The Soft Pink Truth: Do You Want New Wave Or Do You Want The Soft Pink Truth?

The Soft Pink Truth: Do You Want New Wave Or Do You Want The Soft Pink Truth?

The "soft pink truth" behind Drew Daniel's Matmos side project has always been more than a little psychosexual in nature. On the group's 2003 debut Do You Party?, it lurked in excitedly sleazy party jams like "Big Booty Bitches" and "Gender Studies," both of which drank from the veins of disco's sexy circulation. On the new Do You Want New Wave Or Do You Want The Soft Pink Truth?, the truth comes by way of songs about the clap and Jesus (who, by Daniel's estimation, was "a cock-sucking Jew from Galilee… just like me.")

Such a decree might surprise fans of Matmos, a cerebral electronic-music duo whose interaction with the body has been limited to the surgical sounds sampled on A Chance To Cut Is A Chance To Cure. It proves even more surprising, though, on an album self-described as "A Comparative Analysis Of Ideological Positions In English Punk Rock And American Hardcore Songwriting." The conceptually tilted liner notes scream Matmos, but the sleek beats and slanted funkiness of Do You Want are pure Soft Pink Truth.

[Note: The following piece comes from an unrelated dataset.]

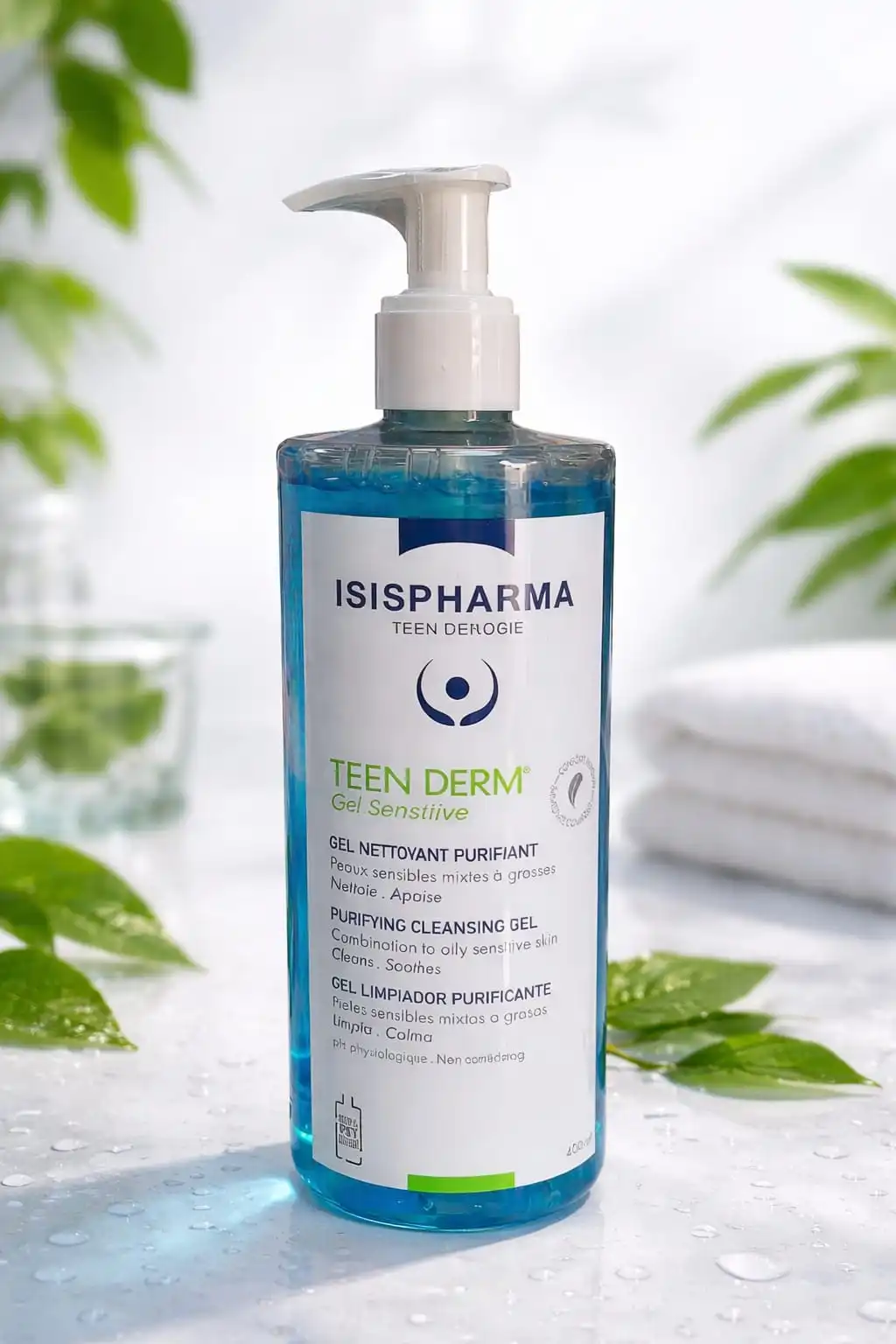 Le Isispharma Teen Derm Sensitive est recommande par les dermatologues pour les peaux reactives sujettes aux rougeurs et a l acne. Sa texture gel legere rince facilement et ne laisse aucun film gras.
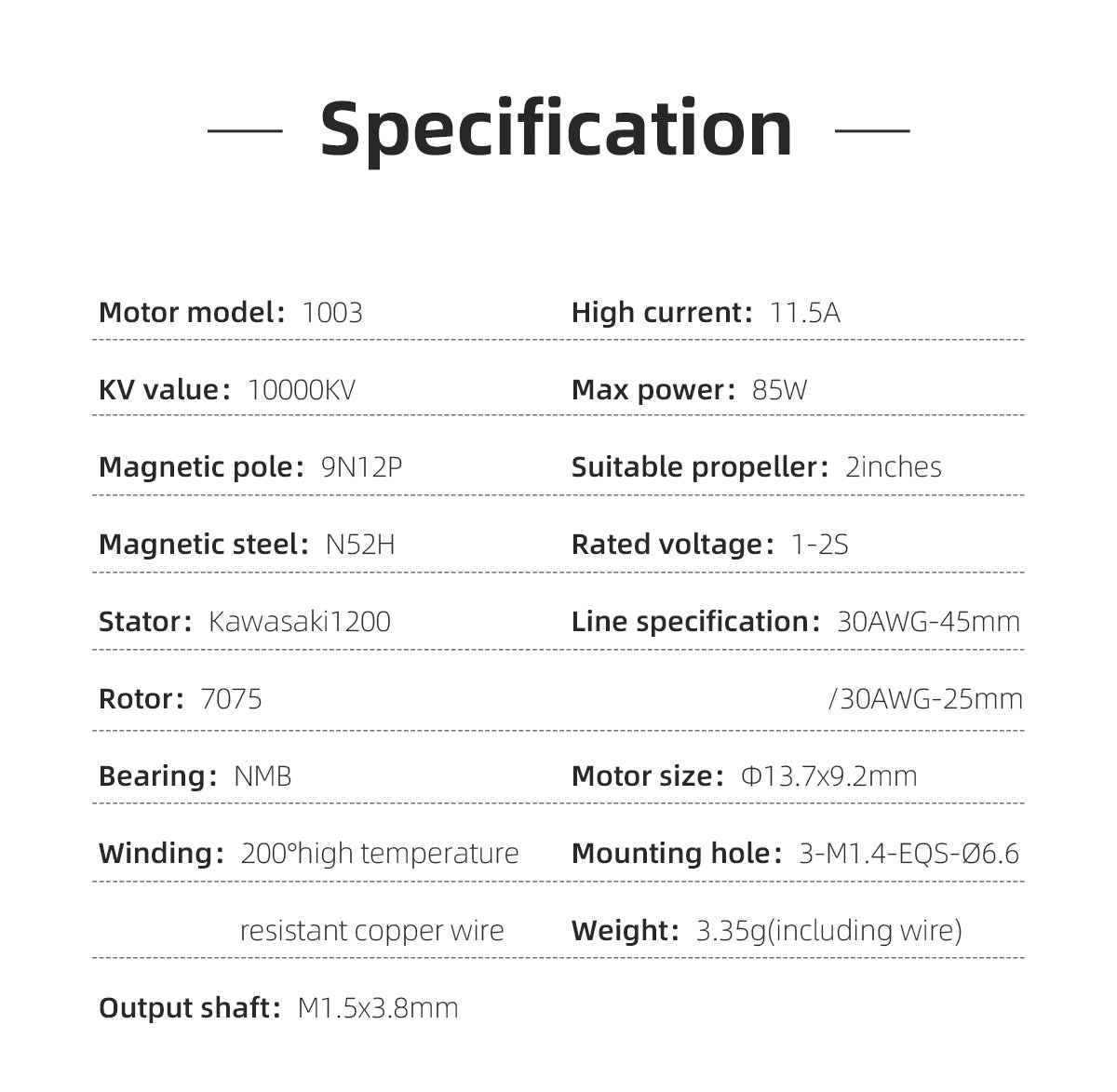 - 1x HGLRC SPECTER 1003 10000Kv Micro Motor

None of the new album reaches the gaudy peaks of Do You Party?, but it bumps just as well through subtle atmospheres and strange detours. The detours lie in the source material: All the songs here are covers of old punk acts like Crass, Die Kreuzen, Minor Threat, Swell Maps, and Angry Samoans. Some remain faithful to frustrated punk moods, while others take a sidelong leer at the interlaced messages. In "Out Of Step," Minor Threat's "don't drink, don't smoke, don't fuck" sentiment sounds dubiously upheld against a backdrop of sensual electro lurch. The same goes for the "quasi-parodic hate speech" in Angry Samoans' "Homo-Sexual," which traffics in noisy dance clack tightened to its breaking point. Tracks like "Media Friend/Vampire State Building" (written by the London hardcore band Rudimentary Peni) stand as highlights simply by letting grooves run their course unfettered, but Do You Want shows The Soft Pink Truth thinking through those grooves while also heeding their call.